MyShake — Early Earthquake Warning App

MyShake is a citizen science app originating from UC Berkeley that uses machine learning to turn smartphones into earthquake sensors. The app's ML algorithms analyze phone accelerometer data to detect earthquake shaking, feeding research models for structural health monitoring and ground-motion prediction. Early warning alerts are powered by USGS ShakeAlert's automated seismic algorithms. The app also allows users to report earthquake experiences and educates about earthquake safety.

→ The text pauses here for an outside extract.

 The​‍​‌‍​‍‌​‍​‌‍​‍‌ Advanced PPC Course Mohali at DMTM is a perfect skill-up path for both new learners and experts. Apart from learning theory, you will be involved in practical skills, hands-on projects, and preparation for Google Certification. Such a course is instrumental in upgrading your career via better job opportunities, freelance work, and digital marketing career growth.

MyShake Early Earthquake Warning App cover
Company UC Berkeley
Platform iOS & Android
Timeline 2019–2021
Role Lead UX Designer
Context Championed accessibility improvements and redesign for MyShake — an ML-powered earthquake early warning app at UC Berkeley.
Team Engineers (Front-end and Back-end), Product Manager, Director, Researcher, Seismologists

I led a comprehensive accessibility audit and redesign of the MyShake app to ensure WCAG compliance and equitable access to earthquake early warnings. I owned UX research and design, QA, customer service integration, and copywriting while navigating key challenges: team resistance to changing brand design, building expertise with VoiceOver and TalkBack, and pandemic-related testing constraints that limited access to differently-abled users.

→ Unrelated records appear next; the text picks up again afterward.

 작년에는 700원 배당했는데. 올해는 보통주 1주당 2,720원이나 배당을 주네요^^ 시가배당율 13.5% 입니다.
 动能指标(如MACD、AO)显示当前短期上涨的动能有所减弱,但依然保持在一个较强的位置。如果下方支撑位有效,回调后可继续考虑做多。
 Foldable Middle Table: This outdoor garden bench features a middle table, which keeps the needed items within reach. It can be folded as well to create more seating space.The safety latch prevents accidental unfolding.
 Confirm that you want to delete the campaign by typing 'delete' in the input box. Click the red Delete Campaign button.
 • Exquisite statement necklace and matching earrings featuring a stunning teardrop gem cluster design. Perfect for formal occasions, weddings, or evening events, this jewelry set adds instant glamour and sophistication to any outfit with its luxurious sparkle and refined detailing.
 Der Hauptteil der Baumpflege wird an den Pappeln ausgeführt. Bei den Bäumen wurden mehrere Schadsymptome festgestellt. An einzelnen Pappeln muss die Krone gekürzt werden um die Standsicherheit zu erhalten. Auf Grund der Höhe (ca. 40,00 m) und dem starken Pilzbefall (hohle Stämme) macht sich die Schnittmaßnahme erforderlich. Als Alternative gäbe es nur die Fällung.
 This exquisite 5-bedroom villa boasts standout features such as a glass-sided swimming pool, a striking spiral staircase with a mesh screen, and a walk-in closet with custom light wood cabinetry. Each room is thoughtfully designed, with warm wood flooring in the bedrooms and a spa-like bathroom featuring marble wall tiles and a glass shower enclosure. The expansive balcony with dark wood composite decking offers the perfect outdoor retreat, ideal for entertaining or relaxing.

Key outcomes from the accessibility-centered redesign approach:

320% Increase in iOS downloads
660% Increase in Android downloads
AA WCAG 2.1 Compliance achieved
Positive feedback from UC Berkeley stakeholders, CalOES Access team, and end users
Streamlined redesign influenced by accessibility improvements
iOS download rate
Android download rate

What is MyShake?

MyShake is an ML-powered citizen science app from UC Berkeley. It uses machine learning to detect earthquakes through smartphone accelerometer data, distinguishing real seismic activity from everyday phone motion. Crowdsourced sensor data feeds research models for structural health monitoring and ground-motion prediction, while early warning alerts are powered by USGS ShakeAlert's automated seismic network.

The Problem

Not all users were able to use the app to its full capabilities. By not adhering to WCAG (Web Content Accessibility Guidelines), the app faced legal risks, frustrated differently-abled users, created life-threatening situations for those who couldn't access critical alerts, and limited the user base.

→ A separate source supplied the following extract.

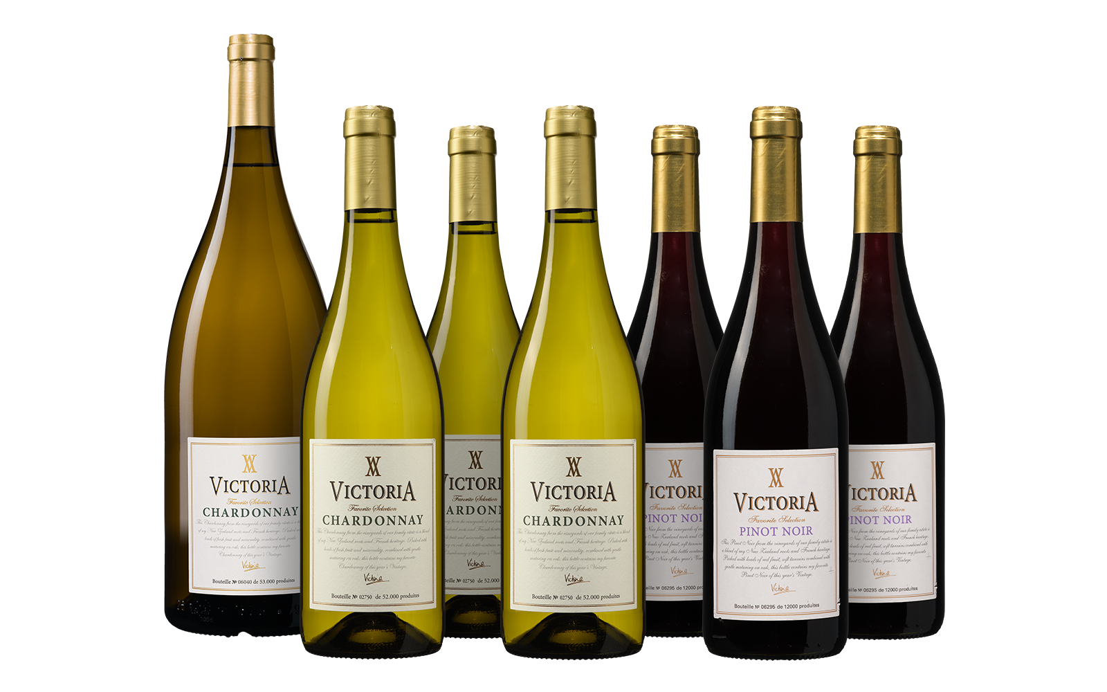 Drie flessen Victoria’s ‘Favorite Selection’ Chardonnay, drie flessen idem dito Pinot Noir mét een Magnumfles (1,5L) van de Chardonnay! Ideaal probeerpakket, met Victoria haar favorieten. Proost!
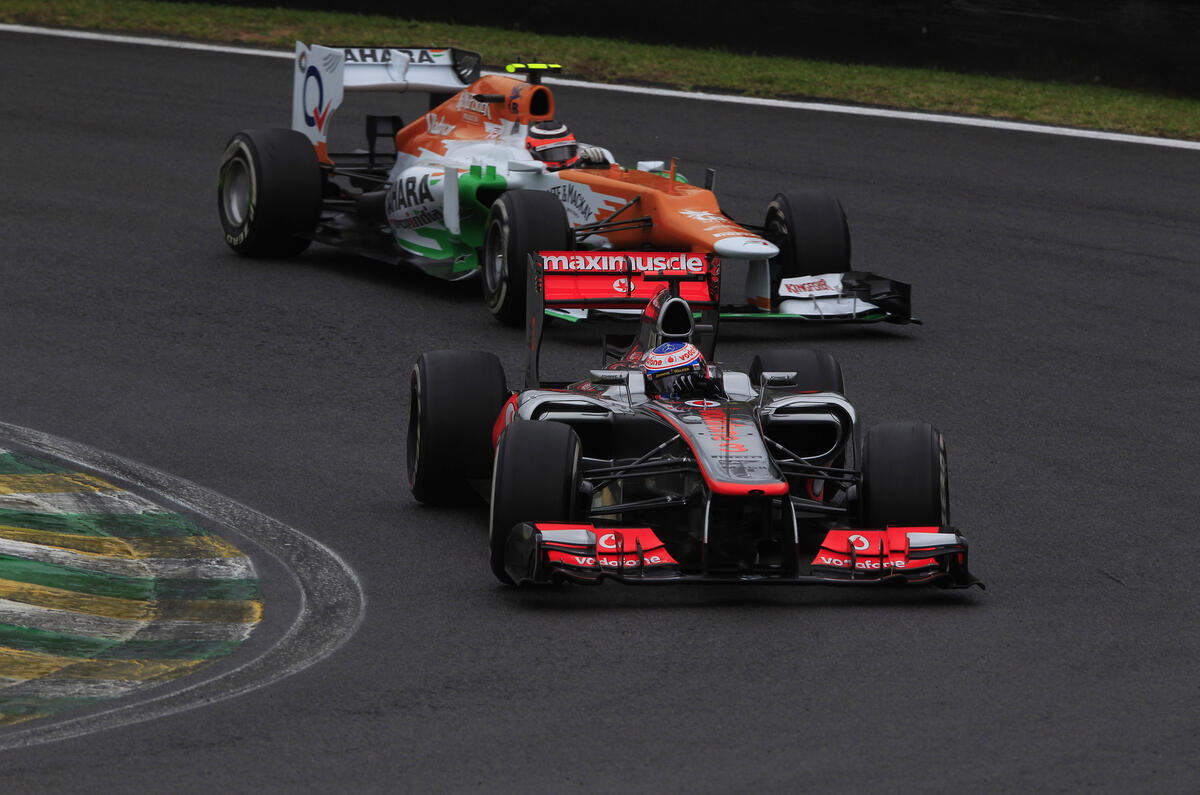 Out at the front, Button, team-mate Lewis Hamilton and Force India’s Nico Hulkenberg all showed superb pace in the damp, with all three taking turns in the lead. By staying on slicks while other runners pitted for intermediates, Button and Hulkenberg pulled out a huge lead, with the German passing the Briton after a long duel, but their advantage was undone by a safety car period.

Evidence from App Store Reviews

"Great idea! To foster safety in warning me prior areas currently are NOT accessible to differently-abled buttons. VoiceOver enables input! Low vision users make great beta testers. Would love to see developers consider making this inherently life saving tool available to everyone!"

App Store Review

"As a voiceover user on iOS I was disappointed to find there were several areas of unindexed content within this app. Please work on fixing accessibility for voiceover so that app navigation for blind and visually impaired iOS users with future updates."

App Store Review

"It's gross (sic) that doesn't care about the people that have disabilities! They've been sued before but they clearly haven't learned!"

App Store Review

"Blind users using VoiceOver will encounter issues using this app. I hope a future version will reflect more attention to accessibility."

App Store Review

Key Challenges

  • Initial pushback due to competing priorities and lack of team understanding about accessibility importance
  • Fear of moving away from established brand design
  • Minimal background knowledge of VoiceOver and TalkBack for accessibility testing
  • Lack of access to differently-abled users for usability testing
  • Resource constraints and testing scheduling troubles due to 2020 Coronavirus Pandemic

Who's Affected?

Behind the legal risk and the statistics were real people whose safety depended on this app working for them. To ground the redesign in human reality, I built out two personas representing the two personas anchoring the redesign in the experiences most at stake — one sighted user whose experience was being degraded by poor UX, and one blind user for whom inaccessibility meant the app simply didn't exist.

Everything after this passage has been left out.